It was late morning on a Tuesday.  They were going to make their routine visit to the village of Qalabeh in a three-vehicle convoy, the minimum protection requirement.  Pete’s security team would escort them after alerting the U.S. Army battalion in the area of their departure time.  On this particular day the Australian security chief was running late.  One of the Lispee vehicles, an armored Toyota Land Cruiser, had been under repair at the PRT and he left a few hours earlier with some of his men to bring it back to th
e orphanage compound.

Given that the tribal elders in the region and Zormat District officials supported the orphanage, such junkets were relatively safe.  Mine-clearing vehicles swept the area almost daily.  Still, Rachel hated that word relatively, uttered so often when Pete, his Lispee guards, or soldiers at the PRT discussed security measures.  To calm her nerves, she would remind herself that an Army colonel and his staff, along with Farid Gul who would ultimately become the director, had met with local leaders in a jirga, or community council, explaining and reassuring them that such a project was in their best interest.  Overcoming their initial skepticism, the Afghan men signed onto the idea wholeheartedly, seeing opportunities for development and education.  With this stamp of approval by the leadership, what could go wrong?

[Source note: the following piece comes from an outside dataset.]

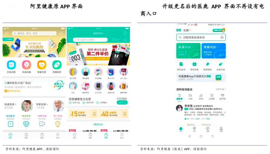 經典案例:根據阿里健康APP、浦銀國際等綜合資訊表明,隨著網售處方藥的政策限制放開,阿里健康自營平臺在和天貓聯合推出“放心購藥”的基礎上,自營業務推出“慢病福利計劃”,為慢病人群提供專屬“云醫生”、原廠直供藥品、個性化用藥指導等一系列慢病管理服務。2020年 9 月 3 日,阿里健康 APP 更名為“醫鹿”,阿里健康準備在 “醫療”上傾斜更多的資源投入,獨立于醫藥電商,打造更專業的線上問診平臺。
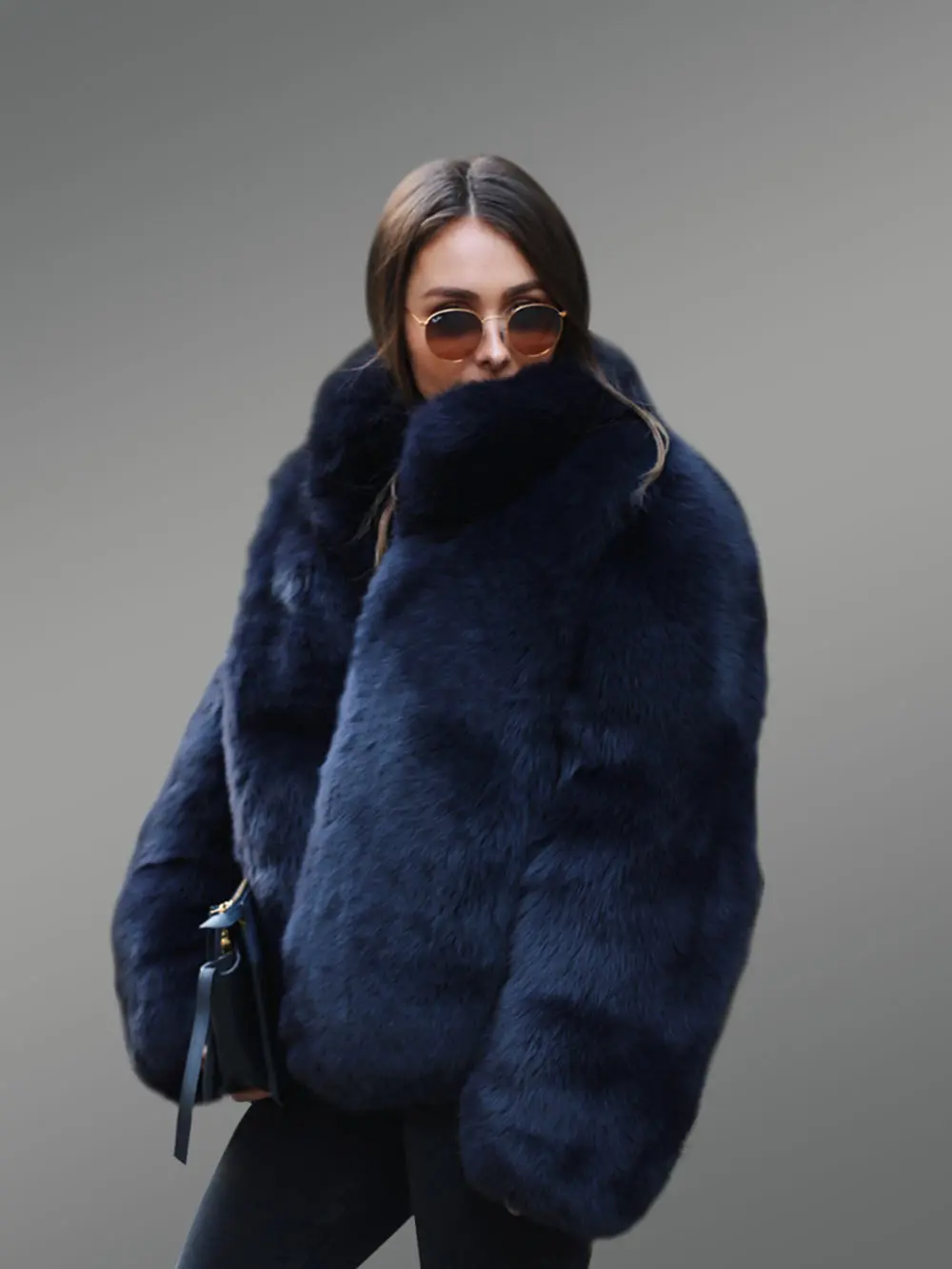 Elegant Womens Fox Fur Coat in Blue with Stunning Features

On darker days, Rachel knew that this question could have a disheartening answer.  There were no guarantees outside the wire.  The Taliban had sent a threatening letter to the elders only a month ago, and what the latter had decided to do about it wasn’t exactly known to internationals in the area.  They had already given a pledge of hospitality to those engaged in humanitarian relief in their land, including the military in support of such work.  The same tribal code of Pashtunwali that obligated the Taliban to protect and defend Usama bin Laden was in play here.

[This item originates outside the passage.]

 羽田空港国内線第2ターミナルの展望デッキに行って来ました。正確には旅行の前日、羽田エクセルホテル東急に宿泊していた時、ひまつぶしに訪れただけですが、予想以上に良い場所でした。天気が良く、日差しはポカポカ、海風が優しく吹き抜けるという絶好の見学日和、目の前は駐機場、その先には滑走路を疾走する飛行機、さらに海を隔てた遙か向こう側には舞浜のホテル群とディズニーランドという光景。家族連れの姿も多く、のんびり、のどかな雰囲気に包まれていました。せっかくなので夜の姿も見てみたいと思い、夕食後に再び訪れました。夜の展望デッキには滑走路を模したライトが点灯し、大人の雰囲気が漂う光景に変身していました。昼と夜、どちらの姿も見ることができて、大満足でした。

Rachel was also aware that there was more to worry about than the Taliban in this warlord-ridden country.  Jalaluddin Ahmadzai was a name she had been hearing ever since she started working in Paktia Province.  A sadistic Pashtun leader who joined the Taliban when it benefited him personally but easily reneged on any agreement when it did not, Ahmadzai had allegedly been on the payroll of the CIA back in the 1980s.  No tribal code, it seemed, bound his behavior, and Rachel thought such detachment frightening.  Yet for now she managed to push such thoughts away, along with her memories of Kam, at least until she made it back into the relatively safe confines of the compound by the days end.

Visiting the villages and hamlets in the environs allowed Rachel to talk to Pashtun women about their experiences since the fall of the Taliban.  (These connections and her medical knowledge recently landed her the position with Mustafa’s UN-sponsored forensic team.)  She would give tips on hygiene and health, plus a little English instruction if they requested it, with Mina all the while translating and handing out scented sanitizer bottles.


Perhaps just as important, Rachel would lend a Western ear to their grievances, for the women wanted to address problems that the “American invasion” had caused for them.  Often they would end up complaining more about aspects of their lives that had no apparent connection to U.S. and NATO operations.  Getting these women to open up was not difficult.

She relished the cross-cultural experience, the opportunity to connect with the local women, and all too often she would come away from these meetings amazed that two civilizations, the industrialized West and the people of Pashtunistan, had absolutely no clue as to how the other lived.  Rachel loved the children at the orphanage, but she longed for this adult interaction and sometimes went stir crazy inside the compound.

Making connections with the Afghan women was not new for her.  Before joining TKG, she lived with a Tajik family in Kabul and often accompanied the two daughters to the local clinic, the Laura Bush Maternity Ward, where they found work as nursing assistants.  Rachel instructed them and other women on basic nursing skills and bedside manners.  She then started to meet them in their homes, under the watchful eyes of brothers and fathers.

That was five years ago, her first overseas mission with a humanitarian NGO.  A friend of the Davison family, a medical doctor who had worked with Doctors Without Borders in Eritrea, hooked her up with Gardien de Mon Frère, a French organization that focused on education for women in Kabul after the fall of the Taliban.  Worried about her daughter after she unexpectedly dropped out of Johns Hopkins med school a year earlier, Rachel’s mother steered her in this direction hoping to draw out of her whatever seemed to make her lethargic and even despondent at times.  Both of her parents didn’t understand why their only daughter had at that time become so listless, especially given her gregarious nature.  They couldn’t know that for the next five years Rachel would be picking up the pieces of her life, for the life she had plannedthe life that in a way had been planned for herwas not to be.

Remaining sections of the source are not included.